LA única y fundamental razón por la que el PP debería ser el último en pedir que Inés Arrimadas se presente a la investidura es la de que Rajoy eludió su turno en situación similar, con regate incluido al mismísimo jefe del Estado. Pero ese argumento sólo afecta a los marianistas, sin invalidar las razones objetivas por las que podría resultar conveniente que la ganadora de las elecciones catalanas diera ese paso. Que son, en primer lugar, la oportunidad de hacer visible su victoria con un discurso razonable y contundente ante un nacionalismo en guerra civil encubierta y desnortado, y en segundo término la necesidad de tomar la iniciativa del bloqueo y poner en marcha la cuenta atrás del calendario. Existe una tercera razón, más discutible por afectar a la estrategia política de Ciudadanos, y es que podría tratarse de la ocasión propicia para confirmar las buenas expectativas nacionales del partido con un golpe de audacia en el momento adecuado. Aunque acaso ése sea precisamente el motivo por el que Rivera se muestra reticente a arriesgarse al desgaste delegado de su liderazgo.
Arrimadas ganaría ese debate aunque perdiese la votación, cuyo resultado negativo está garantizado. Ya ha demostrado que para enfrentarse al soberanismo le sobra coraje, aplomo y desparpajo, y que la Cataluña constitucionalista tiene en ella una representación sobresaliente capaz de defender en las instituciones autonómicas un criterio firme, integrador y sensato. Quizá Rivera prefiere no exponerla a la erosión de un envite innecesario, pero hay veces en que la política requiere gestos de valentía, resoluciones bizarras, atrevimientos gallardos. Ante un bloque independentista cuarteado y a punto de shock se pueden hacer dos cosas: apretarle las tuercas con una alternativa moralmente pujante o dejar que sus propias contradicciones lo empujen al colapso. La segunda opción es la que escogería Rajoy: una especie de marianismo sin Mariano. La primera es la que le gustaría ver a una nación harta del protagonismo separatista y de su pesadísimo bucle de mitos y agravios.

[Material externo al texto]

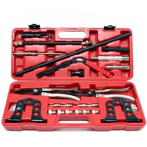 L‘ensemble convient à tous les moteurs à essence ou diesel OHC et OHV de 8, 16 et 24 soupapes et convient pour extraire les joints de soupape des moteurs avec arbre à cames. Par ailleurs, les adaptateurs et les poignées ont l‘avantage d‘être munis d‘extrémités moletées ; ce qui permet de retirer les soupapes en douceur et sans risques de les endommager. Par ailleurs, la pince magnétique facilite le montage et le démontage des clavettes demi-cônes.
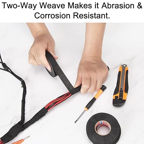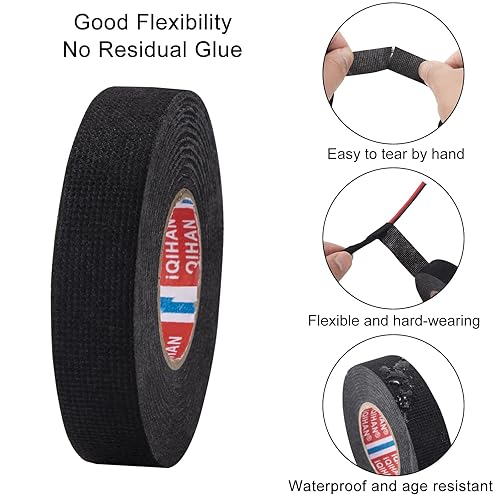 Nastro Isolante in Tessuto, 4 Rotoli Nastro in Tessuto Industriale Elettrico, Resistente Alle Alte Temperature Ridurre la Rumorosità per Cablaggi Riparazioni Automobile, 19mm x 15m Nero
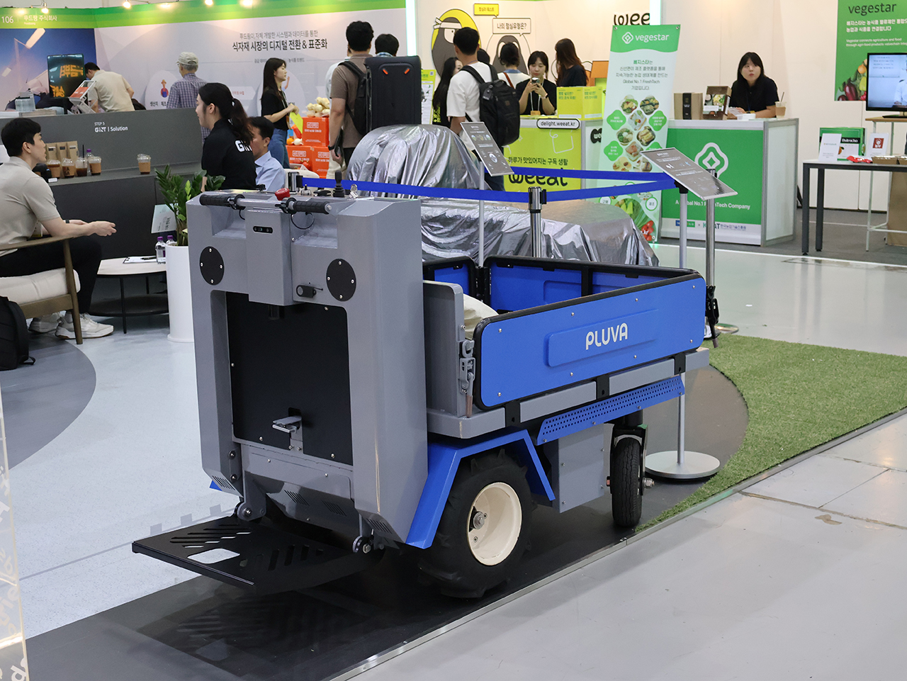지난번 대구 박람회에서도 잠깐 모습을 보인 플루바 캐디입니다. 팔로우미 기능을 통해 적재/운반의 노동 시간 20%를 절감하는 플루바 캐디가 23년 하반기 출시된답니다. 덤프+리프트 기능도 있어 최대 하중 400kg을 견딜 수 있어요. 수확철 작업지에서 작업자를 따라오는 팔로우미 기능을 통해 운반차 운전에 신경쓰지 않고 편하게 작물을 옮길 수 있습니다.
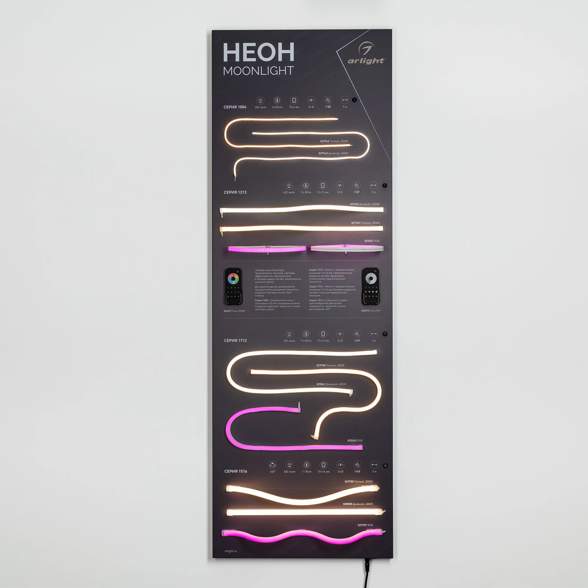 Наши специалисты знают все о продукции Arlight и с радостью помогут Вам выбрать комплектующие к товару "Стенд Гибкий Неон MOONLIGHT-1760x600mm (Arlight, -)", или другие товары из раздела "Светодиодный декор".
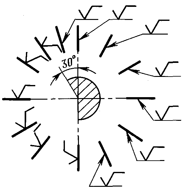 Обозначения шероховатости симметрично расположенных элементов симметричных изделий наносят один раз.
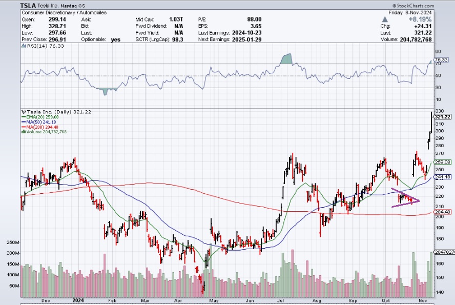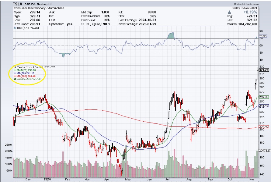 - Media móvil de 20 días (verde): Esta media muestra las tendencias a corto plazo, lo cual es útil para identificar cambios rápidos en la dirección del precio. Cuando el precio está por encima de esta media, se considera una señal de fortaleza a corto plazo, ya que los compradores están dominando el mercado en ese período. Si el precio cae por debajo de la media, indica debilidad en el corto plazo. Inversionistas a corto plazo suelen usar esta media para encontrar puntos de entrada o salida rápidos. Por ejemplo, si el precio cruza hacia arriba la media móvil de 20 días, puede ser una señal de compra; si cae por debajo, indica una señal de venta. Actualmente, Tesla presenta una tendencia alcista a corto plazo, ya que el precio de la acción está bien por encima de la línea de 20 días.
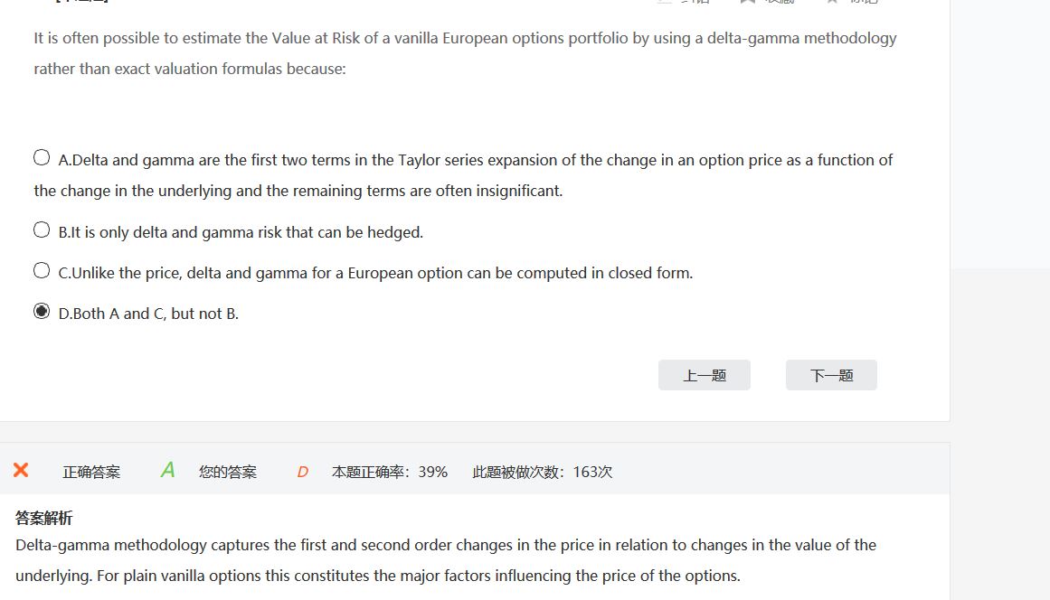 同学你好,closed form是封闭解的意思,也就是VaR完全可以由delta和Gamma所解释,而这点恰好和A选项的解释冲突,所以C选项错误。
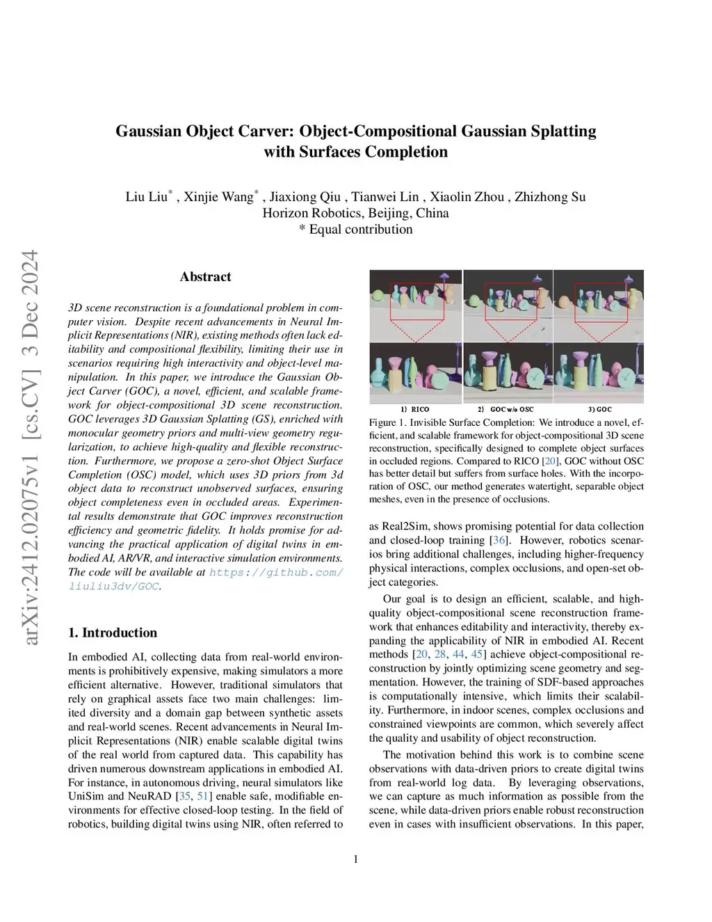 3D scene reconstruction is a foundational problem in computer vision. Despite recent advancements in Neural Implicit Representations (NIR), existing methods often lack editability and compositional flexibility, limiting their use in scenarios requiring high interactivity and object-level manipulation. In this paper, we introduce the Gaussian Object Carver (GOC), a novel, efficient, and scalable framework for object-compositional 3D scene reconstruction. GOC leverages 3D Gaussian Splatting (GS), enriched with monocular geometry priors and multi-view geometry regularization, to achieve high-quality and flexible reconstruction. Furthermore, we propose a zero-shot Object Surface Completion (OSC) model, which uses 3D priors from 3d object data to reconstruct unobserved surfaces, ensuring object completeness even in occluded areas. Experimental results demonstrate that GOC improves reconstruction efficiency and geometric fidelity. It holds promise for advancing the practical application of digital twins in embodied AI, AR/VR, and interactive simulation environments.
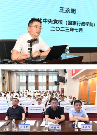 为进一步完善医疗机构公共卫生安全应急响应体系,提升防范化解医疗领域安全风险的水平,增强医院领导干部“应对重大挑战、抵御重大风险、克服重大阻力、解决重大矛盾”的能力,7月17日下午,第六次干部培训暨“学科建设大咖谈”第三期活动在科教楼三层报告厅举行,培训特邀中共中央党校应急管理教研部首席专家王永明教授莅院,作题为“统筹发展和安全 防范化解重大风险”主题报告。全体院领导、中层干部及全院职工以线上线下结合的方式共同参会。党委副书记冯广林主持会议。

Por un curioso efecto de autoconvencimiento del electorado, fruto de su propio descontento y cansancio, la valoración de Cs crece más por lo que los votantes quieren creer que representa que por lo que tiene acreditado. Ese limbo de virginidad, relativamente descomprometida, le permite hacer de coche escoba que recoge el sufragio del desencanto. Sin embargo, para alcanzar el poder, y sobre todo para merecerlo, no basta siempre con esperar: hay que ganárselo. Apostar por la responsabilidad en momentos críticos sin miedo al fracaso. Por su excesivo conservadurismo, cachazudo o timorato, a Rajoy se le escapan apoyos a puñados; va a llegar un momento en que Rivera tendrá que asumir compromisos arriscados, serios, ásperos. El de Cataluña es de los que pasan factura a quienes se cruzan de brazos.